Tokenizer

java.lang.Object
- de.hu_berlin.german.korpling.saltnpepper.salt.saltCommon.sDocumentStructure.tokenizer.Tokenizer

```
public class Tokenizer
extends java.lang.Object
```
The general task of this class is to tokenize a given text in the same order as the tool TreeTagger will do. A list of tokenized text is returned with the text anchor (start and end position) in original text. Reimplemented in Java with permission from the original TreeTagger tokenizer in Perl by Helmut Schmid (see http://www.ims.uni-stuttgart.de/projekte/corplex/TreeTagger/). This implementation uses sets of abbreviations to detect tokens, which are abbreviations in a specific language. Therefore you can set a file containing abbreviations, to take others than the default ones. Because of abbreviations are language dependend, you can set a language, to use only a specific set of abbreviations. The current version of the Tokenizer supports abbreviations for english, french, italian and german language.
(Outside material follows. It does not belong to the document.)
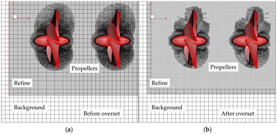 The dynamic overset grid method is applied in the simulations. The main procedures of the in-house overset grid code include hole-digging, point-searching, and interpolation. The hole-mapping method [30] coupled with the cut-paste algorithm [31] is used to identify the hole nodes and remove unnecessary cells prior to computation. The ADT algorithm is employed to search for the donor nodes of the interpolation points. Computational information between the donor points and interpolation points is obtained using the trilinear interpolation method [32]. The dynamic overset grid technique has been employed in numerous propeller-related simulations [33,34].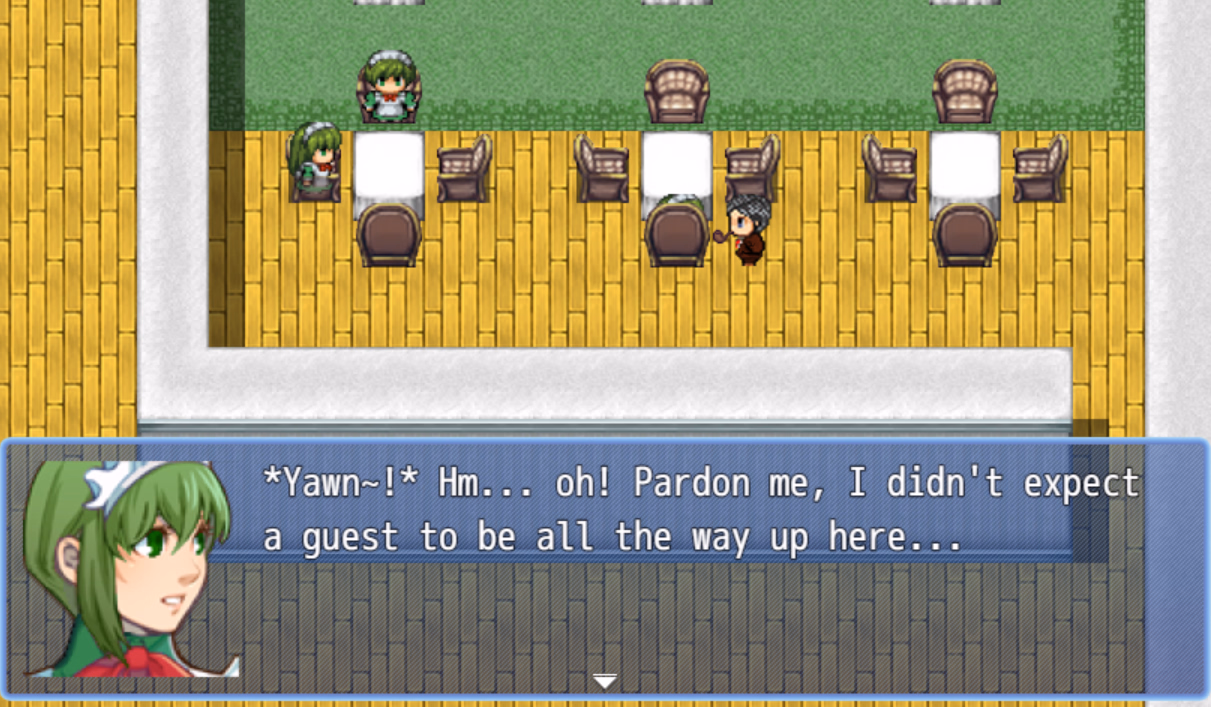 She's hard to see and easy to miss with the back of the chair covering all but the top of her head, but she's there. The context she gives for the other Maid should come before you talk to the other one, though, so I moved her (and on a separate note, there's another Maid in the southern chair at the table next to them).

If no language is set, all available abbreviations will be used.

Author:

Amir Zeldes, Florian Zipser

Constructor Summary

Constructors
Constructor and Description

Tokenizer()
Initializes a new TTokenizer object.

Constructors
Constructor and Description
`Tokenizer()` Initializes a new TTokenizer object.

Method Summary

Methods
Modifier and Type	Method and Description
`void`	`addAbbreviation(com.neovisionaries.i18n.LanguageCode language, java.io.File abbreviationFile)` Adds the content of given file as a list of abbreviation to the internal map corresponding to given language.
`void`	`addAbbreviation(com.neovisionaries.i18n.LanguageCode language, java.util.HashSet<java.lang.String> abbreviations)` Adds the given list of abbreviation to the internal map corresponding to given language.
`com.neovisionaries.i18n.LanguageCode`	`checkLanguage(java.lang.String text)` Tries to detect language and returns ISO 639-2 language code
`java.util.HashSet<java.lang.String>`	`getAbbreviations(com.neovisionaries.i18n.LanguageCode language)` Returns a list of abbreviations corresponding to the given language.
`SDocumentGraph`	`getsDocumentGraph()`
`com.neovisionaries.i18n.LanguageCode`	`mapISOLanguageCode(java.lang.String language)` Maps the knallgrau `TextCategorizer` language description codes to ISO 639 codes.
`void`	`setsDocumentGraph(SDocumentGraph sDocumentGraph)`
`org.eclipse.emf.common.util.EList<SToken>`	`tokenize(STextualDS sTextualDSs)` Sets the `STextualDS` to be tokenized.
`org.eclipse.emf.common.util.EList<SToken>`	`tokenize(STextualDS sTextualDSs, com.neovisionaries.i18n.LanguageCode language)` Sets the `STextualDS` to be tokenized and the language of the text.
`org.eclipse.emf.common.util.EList<SToken>`	`tokenize(STextualDS sTextualDS, com.neovisionaries.i18n.LanguageCode language, java.lang.Integer startPos, java.lang.Integer endPos)` Sets the `STextualDS` to be tokenized and the language of the text.
`java.util.List<java.lang.String>`	`tokenizeToString(java.lang.String strInput, com.neovisionaries.i18n.LanguageCode language)` The general task of this class is to tokenize a given text in the same order as the tool TreeTagger will do.
`org.eclipse.emf.common.util.EList<SToken>`	`tokenizeToToken(STextualDS sTextualDS, com.neovisionaries.i18n.LanguageCode language, java.lang.Integer startPos, java.lang.Integer endPos)` The general task of this class is to tokenize a given text in the same order as the tool TreeTagger will do.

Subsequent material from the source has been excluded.